President Lyndon Johnson’s language was often sprinkled with phrases other than biblical ones, but one of his favorite expressions did come from the prophet Isaiah. “Come, let us reason together,” Johnson would intone, and friend and foe alike soon learned to check their wallets. It meant he was about to work them over with his legendary political charms.

But it is hard to imagine a more appropriate phrase for today. Evangelicals need to look across the no-man’s land of today’s culture war and issue a call to our adversaries: “Come, let us reason together.”

I’m not advocating surrender or a sellout to Satan, as one Christian radio host put it when she heard me express these views. I am suggesting that we must engage in sane, civil discourse before it’s too late. For in the wake of the murder of Pensacola abortionist Davis Gunn, the culture war may not be mere metaphor much longer.

For decades, the two armies in this culture war have coexisted, more or less peacefully. On one side are those who believe in absolute truth; on the other, those who believe tolerance, not truth, is society’s ultimate virtue. It has been a societal Cold War, the two sides parrying, engaging in occasional name-calling, but never unleashing their arsenals at one another.

But now the big guns are booming.

Since Pensacola, the media have lumped together mainstream evangelical Christians with the Muslim fanatics who bombed the World Trade Center, insane cultists in Waco, and even Serbian butchers. They are all “religious fundamentalists,” the most reviled term in the modern vocabulary.

Under this assault, understandable frustration mounts on the Religious Right. But it is a dangerously short step from frustration to fanaticism.

Some believers talk as though our liberal adversaries are hatching plots in the basement of the American Civil Liberties Union to grind our altars into dust. Shaking with holy outrage, we drive ourselves further toward the margins of society, losing the vast middle. People camped there have consequently leaned against us: even those who like our character abhor our caricature. No one wants to side with hatemongers and bigots.

As in the Civil War of the 1860s, what is at stake is not just which side prevails, but whether the Union can be preserved. This escalating conflict can undermine the very democratic foundations that support us as a nation.

Cooling the incendiary rhetoric

Free democratic societies depend on the preservation of moral consensus: widely held agreements and beliefs that define appropriate communal behavior. From this consensus, society creates social boundaries to restrain our baser instincts and creates incentives to encourage virtue.

But consensus cannot be legislated or dictated.
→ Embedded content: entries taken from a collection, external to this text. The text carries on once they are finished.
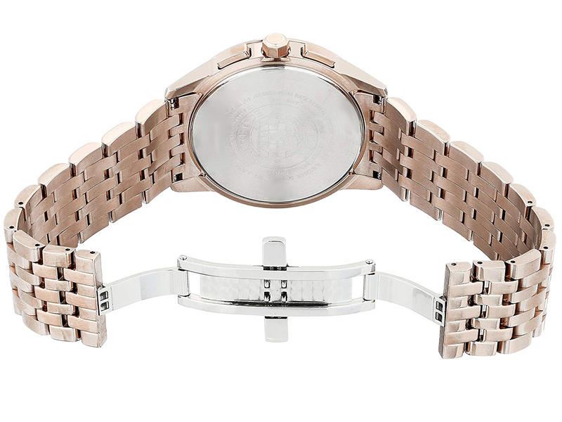 rose gold-tone stainless steel case and bracelet with bright white dial and sapphire crystal.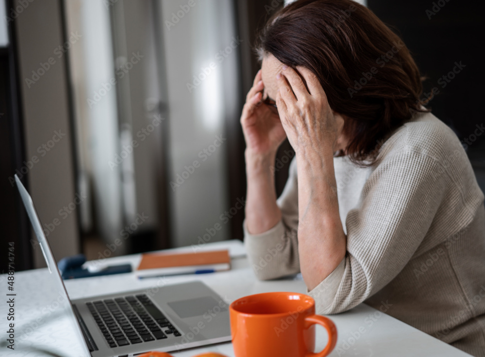 Tired old senior business woman taking off glasses suffers from eyestrain, stress, headache, fatigue after computer use work at home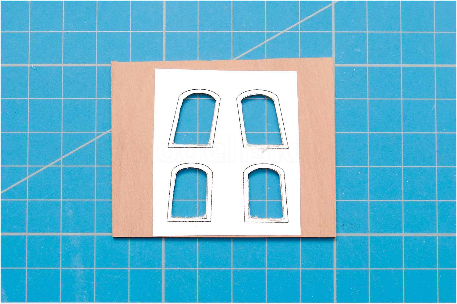 Eine Schablone der Fensterrahmen am Schott habe ich auf ein Brettchen geklebt und mit der Juweliersäge ausgesägt.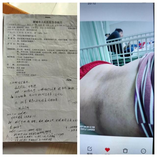 朱亮提供的孩子被打后诊断书和受伤照片(央广网发受访者供图)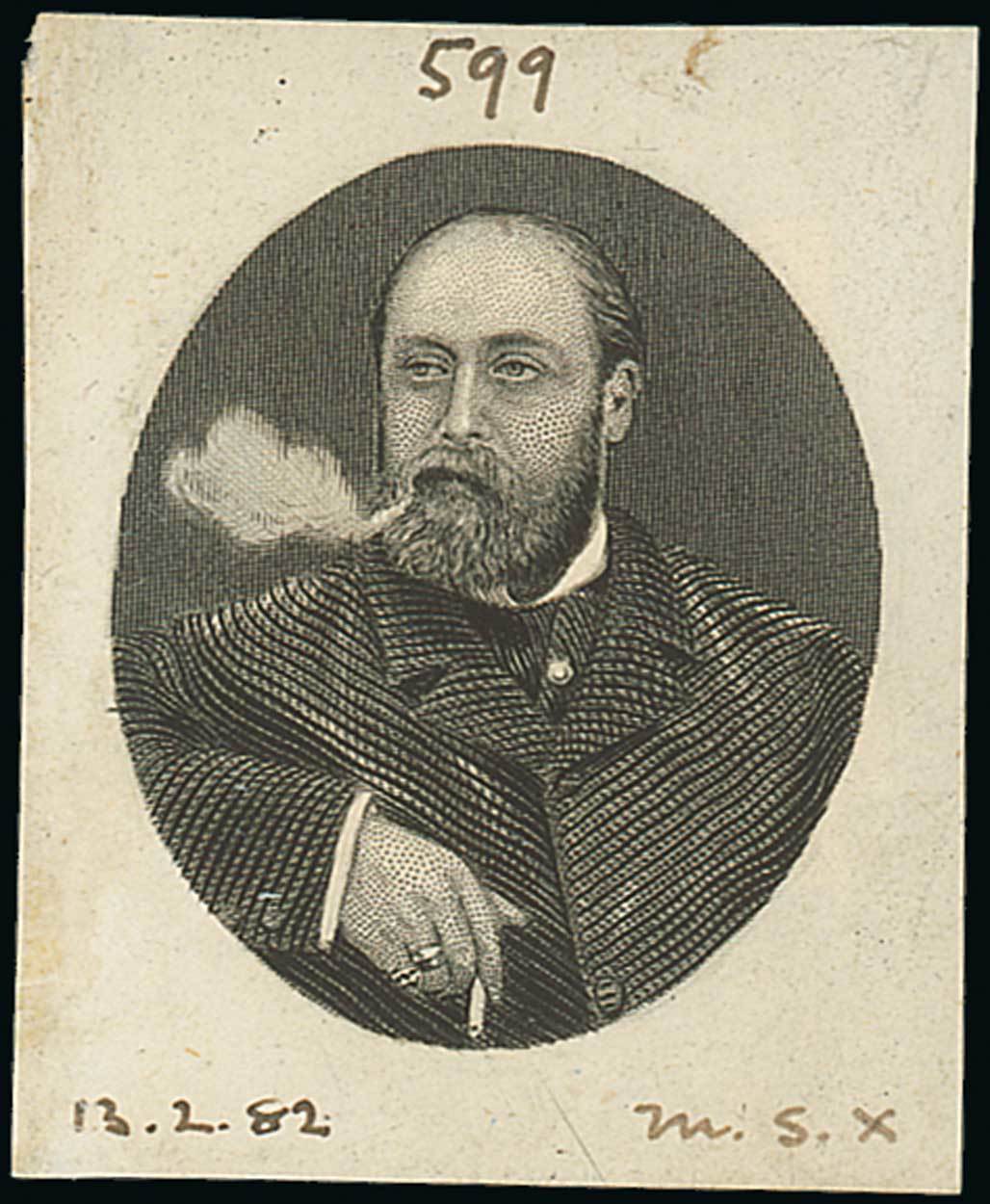 599, Edward, Prince of Wales, half-length portrait and blowing out a large plume of cigarette smoke, dated "13.2.82" and initialled "M.S.X.". Photo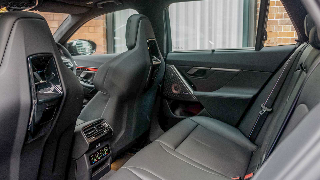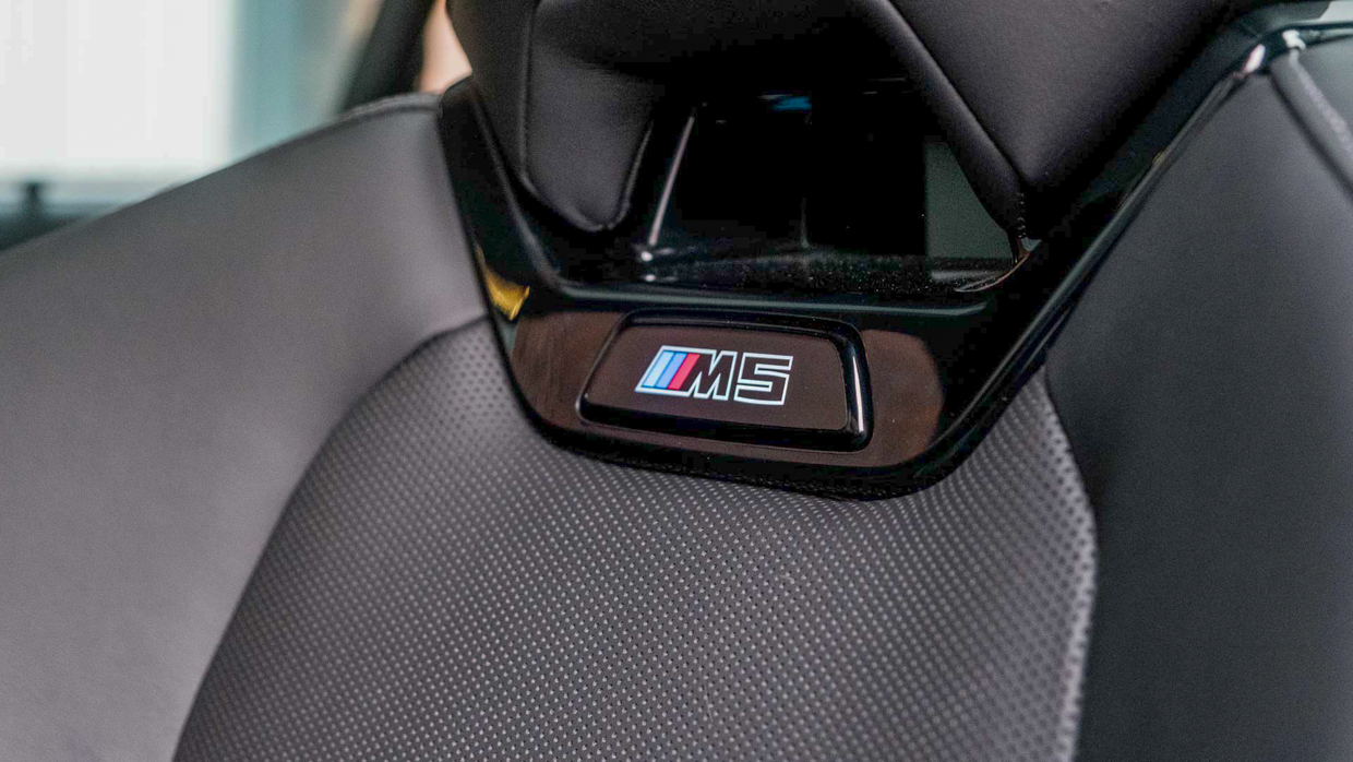 The back seat doesn’t rival an SUV for space but you’ll easily fit two adults in the back with a big glass roof letting light in and remarkably good toe room, given the M5 has to pack a battery.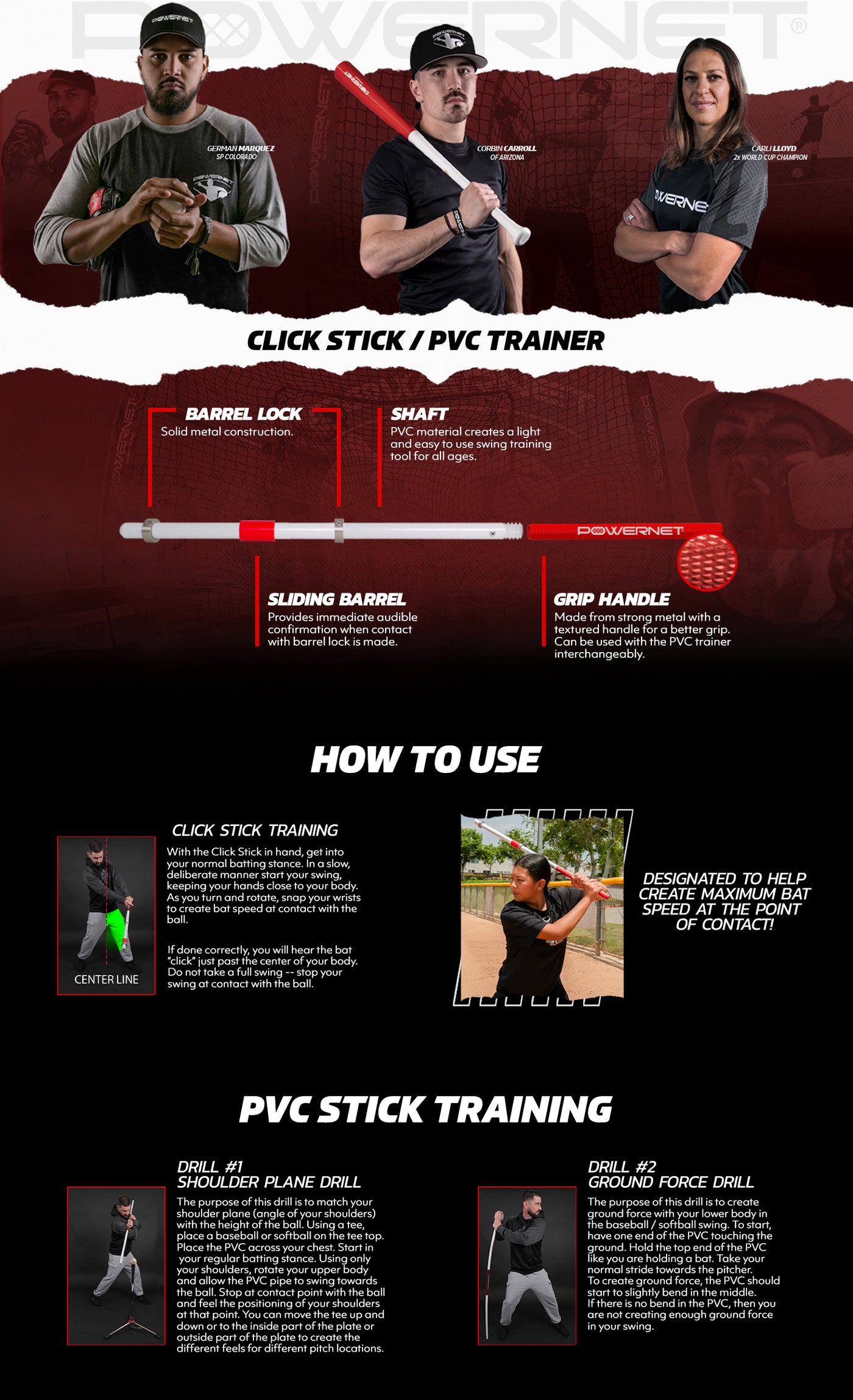 - TRAIN SOLO OR WITH TEAM: Carry the training PVC Click Stick combo trainer in your backpack to train whenever. Add this baseball gear to the team equipment to improve hitting and stance. The stick is designed to help create maximum bat speed at the point of contact with the baseball or softball by providing audible confirmation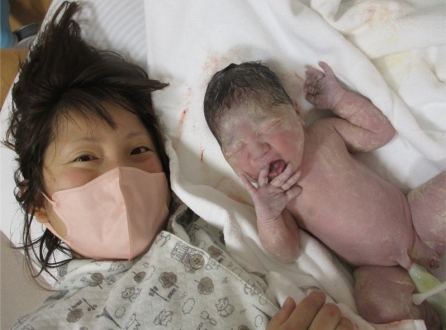 破水で来院されましたが、急に陣痛が強くなり急いでたんぽぽに移動。あれよあれよという間にお産が進み、とっても元気な女の子が誕生しました!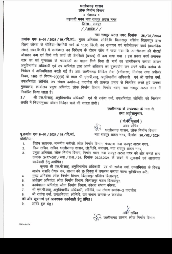 गुणवत्ताहीन निर्माण पर उप मुख्यमंत्री श्री अरुण साव ने सख्त कार्रवाई करते हुए लोक निर्माण विभाग के दो अधिकारियों को निलंबित किया और दो को कारण बताओ नोटिस जारी किया। चोटिया-चिरमिरी मार्ग के उन्नयन और नवीनीकरण कार्य में गुणवत्ताहीन निर्माण और अमानक कार्य पर कार्यवाई की गई।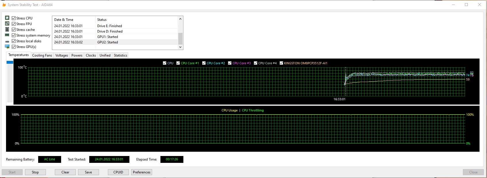 Cooler Boost 5 odpowiada za chłodzenie laptopa. zawiera 2 wentylatory, 6 rurek cieplnych i niezależny moduł termiczny dla CPU i GPU. Jednocześnie stosowane są rurki cieplne o cieńszych ściankach, dzięki czemu, możliwe było poszerzenie kanału wewnętrznego. Układ chłodzenia radzi sobie ze swoim zadaniem: nawet przy długotrwałych obciążeniach szczytowych, temperatura komponentów wewnątrz nie wzrasta powyżej 80-83 °. W związku z tym, nie obserwuje się trollingu. Obszar nad klawiaturą trochę się nagrzewa, podczas gdy reszta powierzchni roboczej pozostaje zimna. Pod względem poziomu hałasu, MSI Katana GF66 11UD to typowy laptop do gier. Tak, pod obciążeniem praca jest słyszalna, ale wszystko rozsądnych granicach.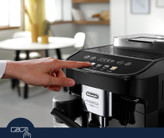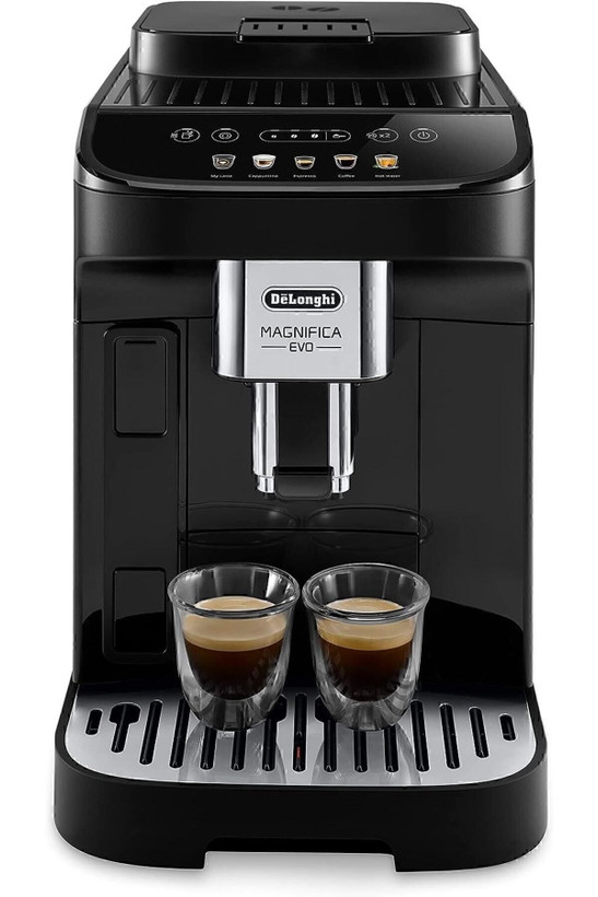 Magnifica Evo با فناوری پیشرفته، نوشیدنیهای اصیل و طراحی شیک فلزی-مشکی، تجربه De'Longhi را ملموس میکند. از طریق صفحه نمایش لمسی رنگی شهودی و با ۵ دستور یکلمسی میتوانید اسپرسوی ایتالیایی بینقص و دیگر نوشیدنیهای قهوه و شیر را تهیه کنید. با سیستم ویژه LatteCrema از بافت صاف و ابریشمی کف شیر غلیظ و کرمی لذت ببرید.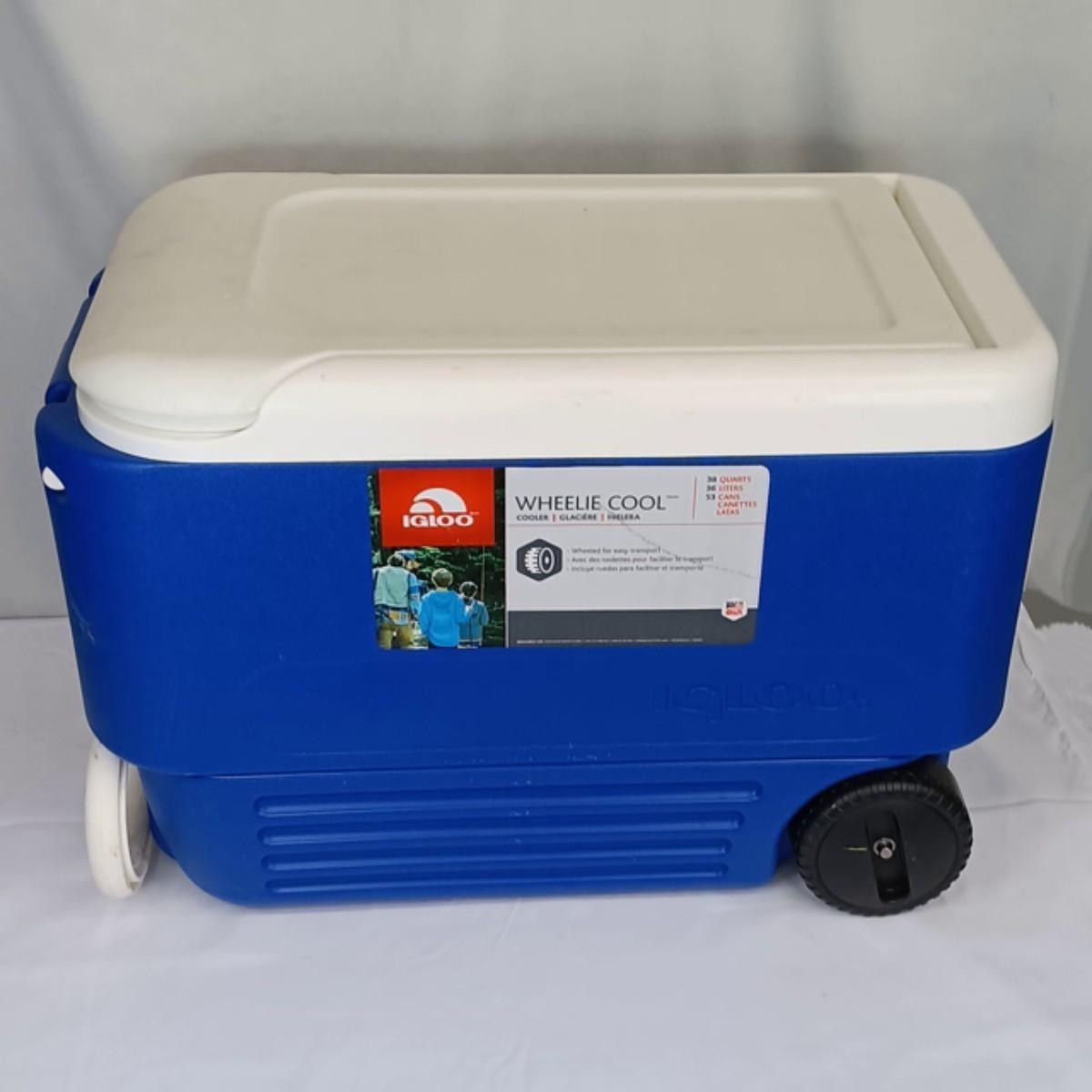 This is a pre-owned 38 quart wheeled Igloo cooler that is in good condition.

It is achieved as a result of free, open, and civil debate—the exchange of differing views in a pluralistic environment. Consensus demands an open public square, where even those who vehemently disagree can do so without violence.

It is this ability to engage in civil discourse, the lifeblood of a free society, that is in grave jeopardy today.

So what do we do?

First, Christians need to cool the incendiary rhetoric.

Everywhere I go, I hear generals in the Christian army directing furious battle plans to assault the other side. Some sound desperate, which is understandable. After all, the primary means of influence in American culture—politics, academia, the arts and communications media—are in the hands of those who oppose us.

But we will never win the culture war by waving placards in their faces or whacking them with our Bibles. That only confirms their stereotypes of us. We need instead to take to heart the apostle’s words in a previous time of persecution: “Never pay back evil for evil; overcome evil with good.” “Violence unreturned is a spent force,” wrote Dietrich Bonhoeffer, who knew Nazi violence firsthand.

This does not mean we diminish our political efforts. We must continue to press for righteous policies on abortion, homosexuality, welfare reform, education, and so on. But we must do so the way Scripture teaches, with “gentleness and reverence” and a “spirit of power, love and a sound mind.”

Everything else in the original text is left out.